**Directions for this task**.
Word for word, set down the lines from the one that holds "- DampRid Lavender" through the final line of the listing below, and exclude every picture.

**Given material**.
Start of Block

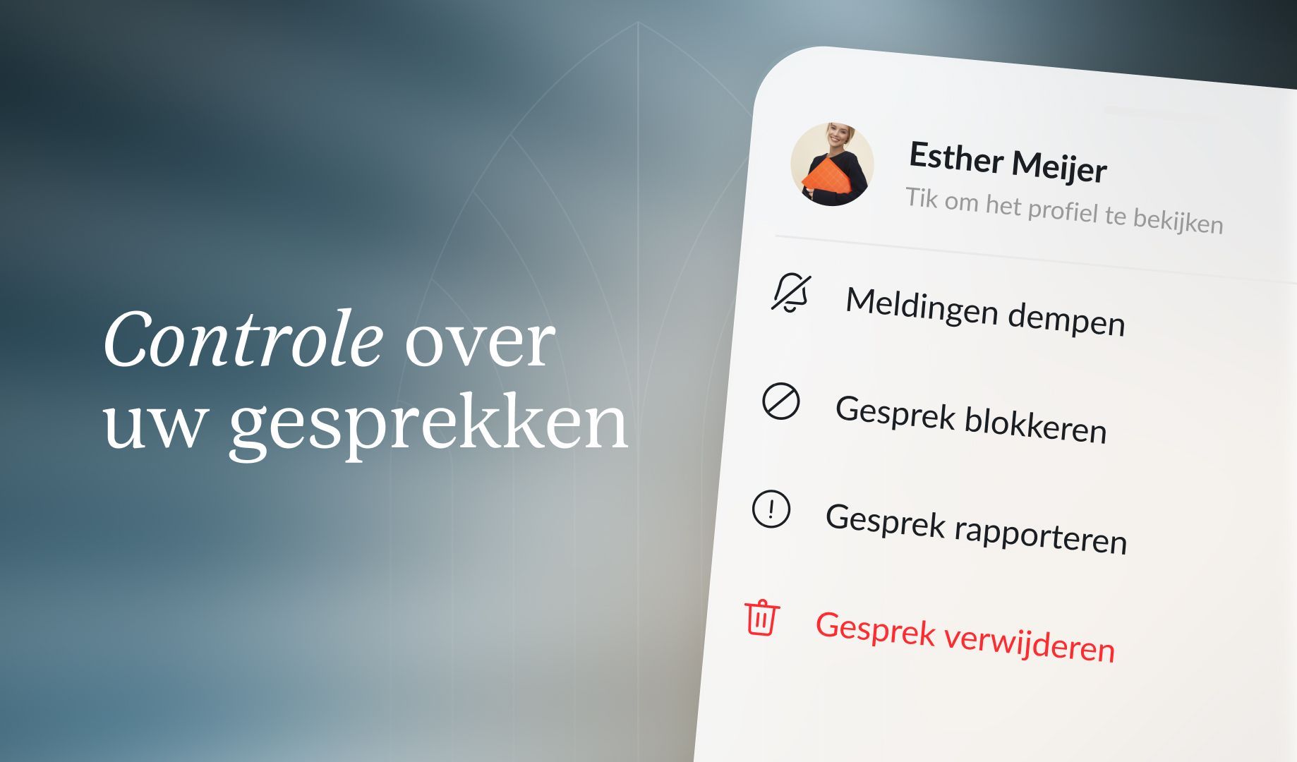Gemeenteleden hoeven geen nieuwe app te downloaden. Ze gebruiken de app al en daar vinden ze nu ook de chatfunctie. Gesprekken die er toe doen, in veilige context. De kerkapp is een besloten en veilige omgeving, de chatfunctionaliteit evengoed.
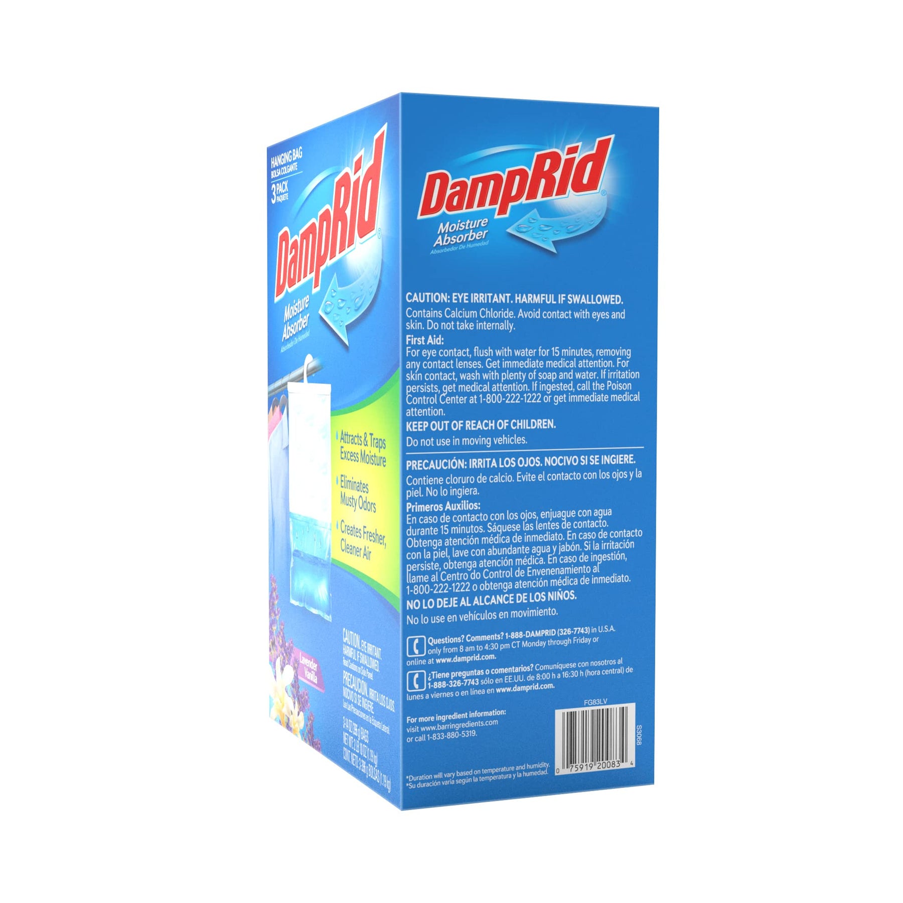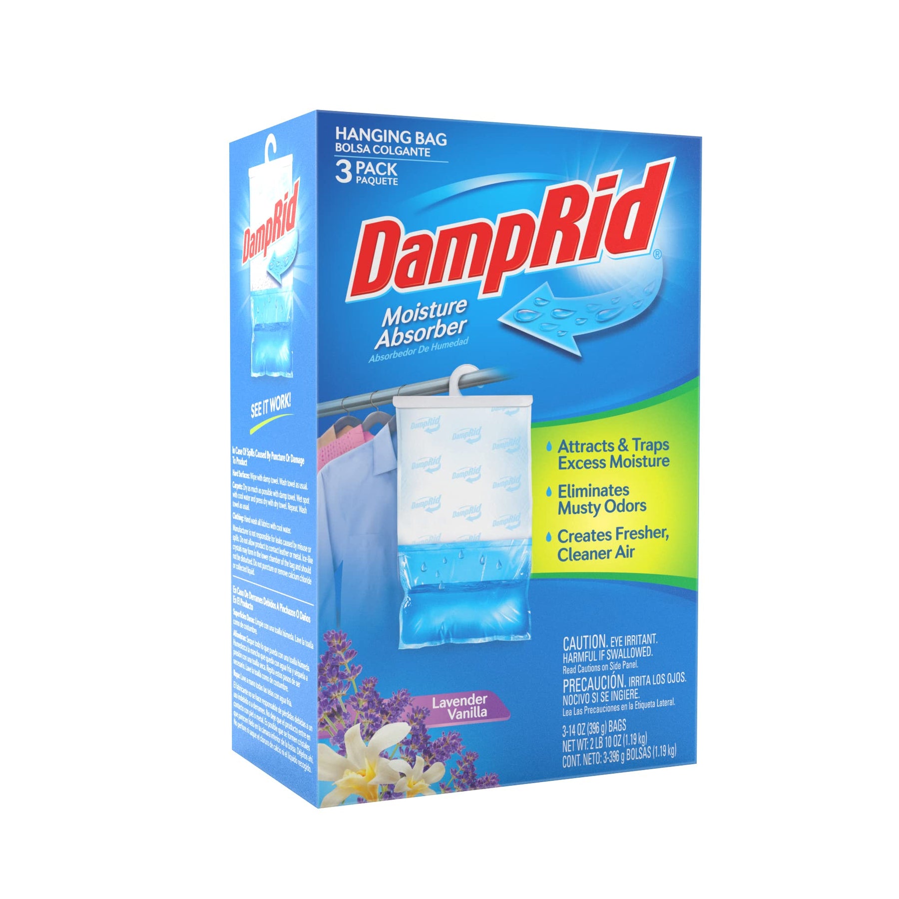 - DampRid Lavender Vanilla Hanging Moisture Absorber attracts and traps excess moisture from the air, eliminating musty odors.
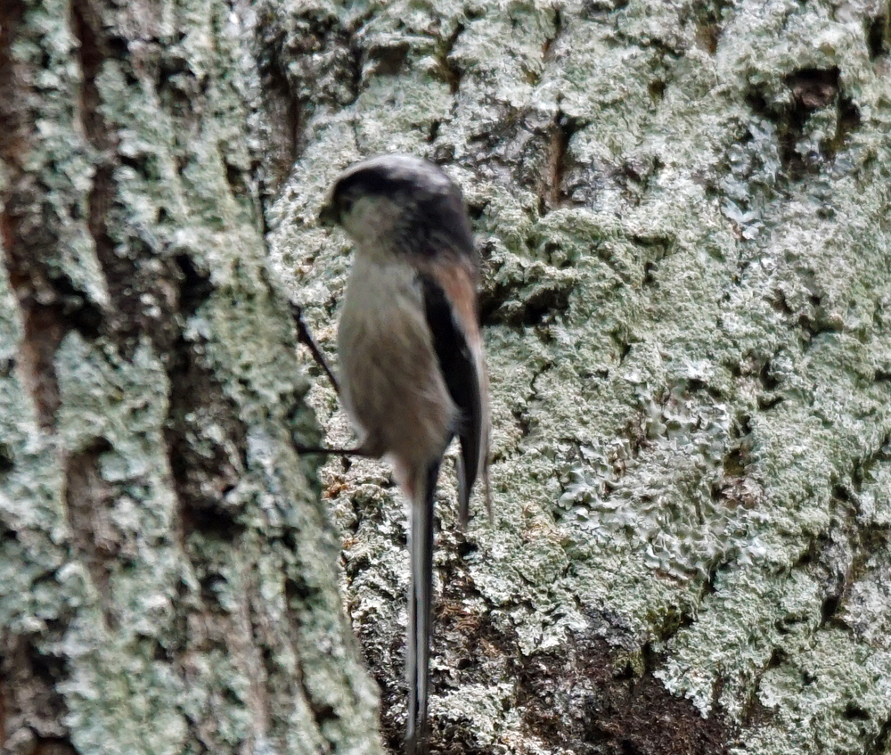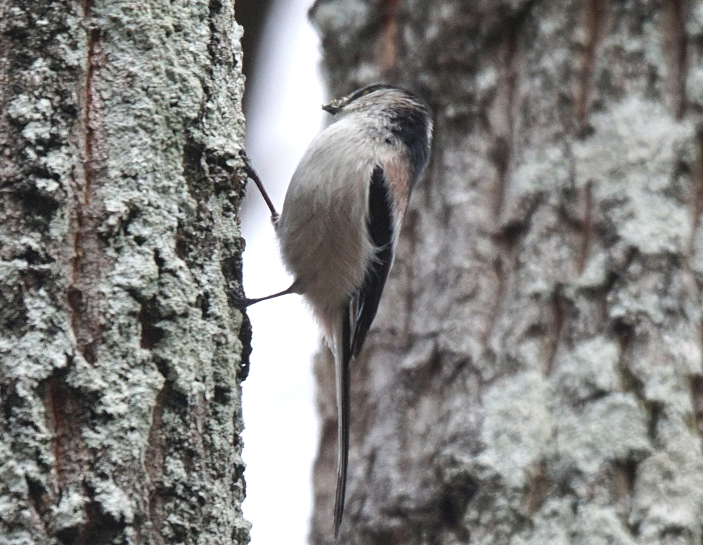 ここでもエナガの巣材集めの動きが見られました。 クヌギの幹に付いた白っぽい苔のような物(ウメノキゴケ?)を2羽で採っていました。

End of Block

**Your response**.
 - DampRid Lavender Vanilla Hanging Moisture Absorber attracts and traps excess moisture from the air, eliminating musty odors.
 ここでもエナガの巣材集めの動きが見られました。 クヌギの幹に付いた白っぽい苔のような物(ウメノキゴケ?)を2羽で採っていました。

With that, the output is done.